Reports that political parties agreed to nominate ex-finance minister Mohammed al-Safadi to line-up the new Lebanese government did not appease the 30-day old uprising demanding an overhaul of the entire political class.
Late on Thursday protests erupted in anger over the news that Caretaker Prime Minister Saad Hariri has reportedly agreed with Hizbullah, the AMAL Movement and the Free Patriotic Movement on nominating Safadi for the premiership.
They blocked the Zouk Mosbeh highway with burning tires and a protest got underway outside Safadi's house in the northern city of Tripoli.
Al-Joumhouria newspaper quoted “observers” who wondered if Safadi’s nomination was a “trap” to upheat the revolution or a “solution” to meet the people’s demands.

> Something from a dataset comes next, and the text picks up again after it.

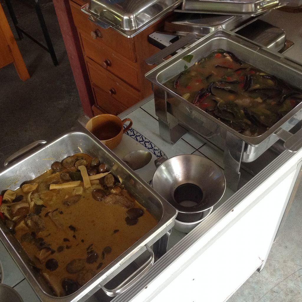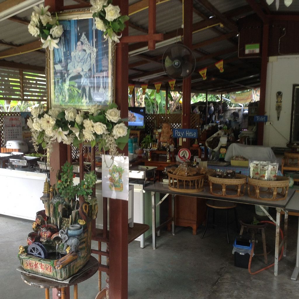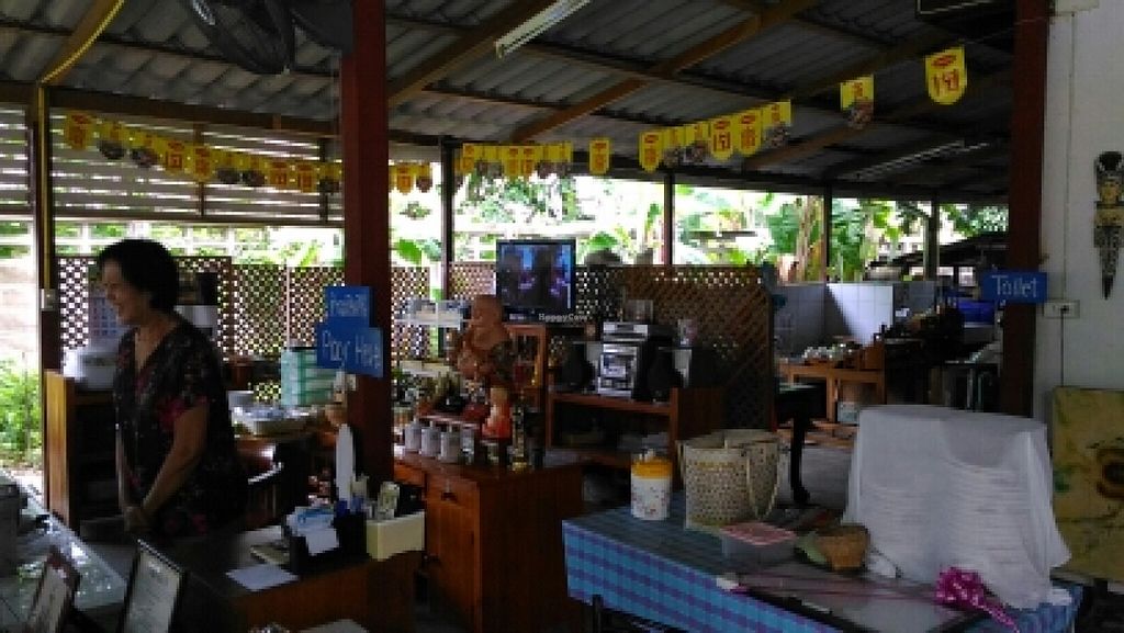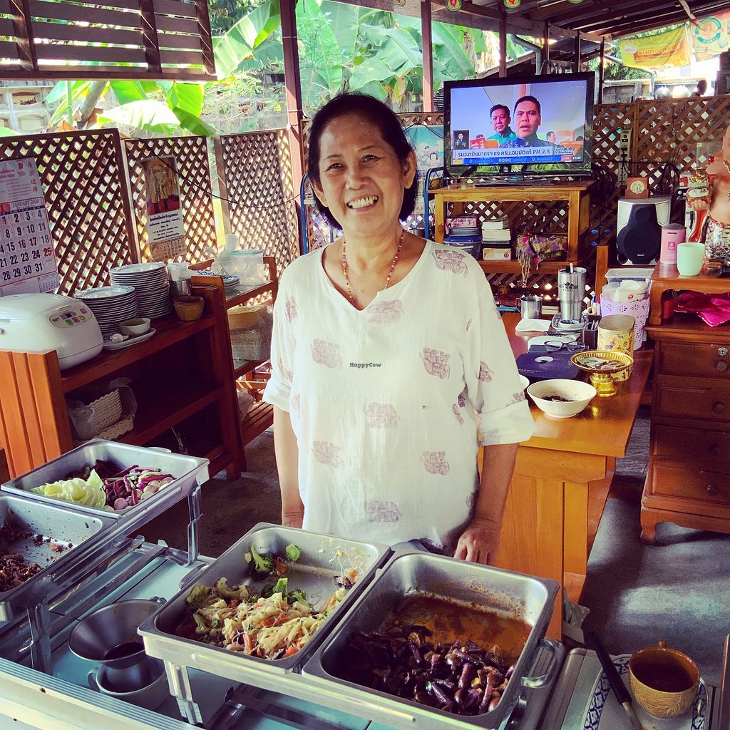 This is one of my absolute favorite veggie places in thailand. The food is super tasty, not the usual curries, but a lot of different things i haven't had before. Dishes are packed with fresh veggies and we never had the same thing twice in the 4 times we ate there. The owner is really nice,letting you taste the stuff before choosing, brings xtra things to try and is very generous with the size of the plate. I will deffo go back next time i'm in the area!! To find it, walk north from the chinese temple, take the first small soi down on your left hand (follow the small yellow and red sign), keep on this street as it takes a swing to the right, walk down a few houses and it is on your left hand, set a nice garden, has the jae banners on the fence.

Safadi himself did not comment on the matter, said the daily. But a source close to him said: “Nomination of the new prime minister takes place during binding parliamentary consultations with respect for the Constitution and the position.”
He stressed that "any government must meet the aspirations of the people and their demands."
Safadi’s reported nomination emerged after a Center House meeting between Hariri and the political aides of Sayyed Hassan Nasrallah and Speaker Nabih Berri.
Center House sources meanwhile told the Hariri-affiliated Mustaqbal Web news portal that the discussions tackled consensus on Safadi's nomination but not the shape of the new government or al-Mustaqbal Movement's participation in it.